§ TASK DETAILS:
One range is to be output from the listing below, exactly as written: the line with "2人のかわいい双子の赤ちゃん" to the line with "Merging two of", both kept.

§ MATERIAL SUPPLIED:
== == ==

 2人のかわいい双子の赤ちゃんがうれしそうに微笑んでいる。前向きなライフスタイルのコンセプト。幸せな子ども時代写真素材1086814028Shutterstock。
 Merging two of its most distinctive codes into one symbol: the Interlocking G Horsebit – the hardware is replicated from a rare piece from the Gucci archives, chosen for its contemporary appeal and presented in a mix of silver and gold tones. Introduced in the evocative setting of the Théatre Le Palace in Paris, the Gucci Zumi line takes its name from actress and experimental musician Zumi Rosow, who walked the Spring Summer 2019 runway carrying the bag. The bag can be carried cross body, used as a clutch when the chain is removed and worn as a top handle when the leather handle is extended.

== == ==

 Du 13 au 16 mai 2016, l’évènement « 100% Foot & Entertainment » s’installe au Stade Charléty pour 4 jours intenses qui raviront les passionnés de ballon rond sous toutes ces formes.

== == ==

§ RESPONSE TO THE TASK:
 2人のかわいい双子の赤ちゃんがうれしそうに微笑んでいる。前向きなライフスタイルのコンセプト。幸せな子ども時代写真素材1086814028Shutterstock。
 Merging two of its most distinctive codes into one symbol: the Interlocking G Horsebit – the hardware is replicated from a rare piece from the Gucci archives, chosen for its contemporary appeal and presented in a mix of silver and gold tones. Introduced in the evocative setting of the Théatre Le Palace in Paris, the Gucci Zumi line takes its name from actress and experimental musician Zumi Rosow, who walked the Spring Summer 2019 runway carrying the bag. The bag can be carried cross body, used as a clutch when the chain is removed and worn as a top handle when the leather handle is extended.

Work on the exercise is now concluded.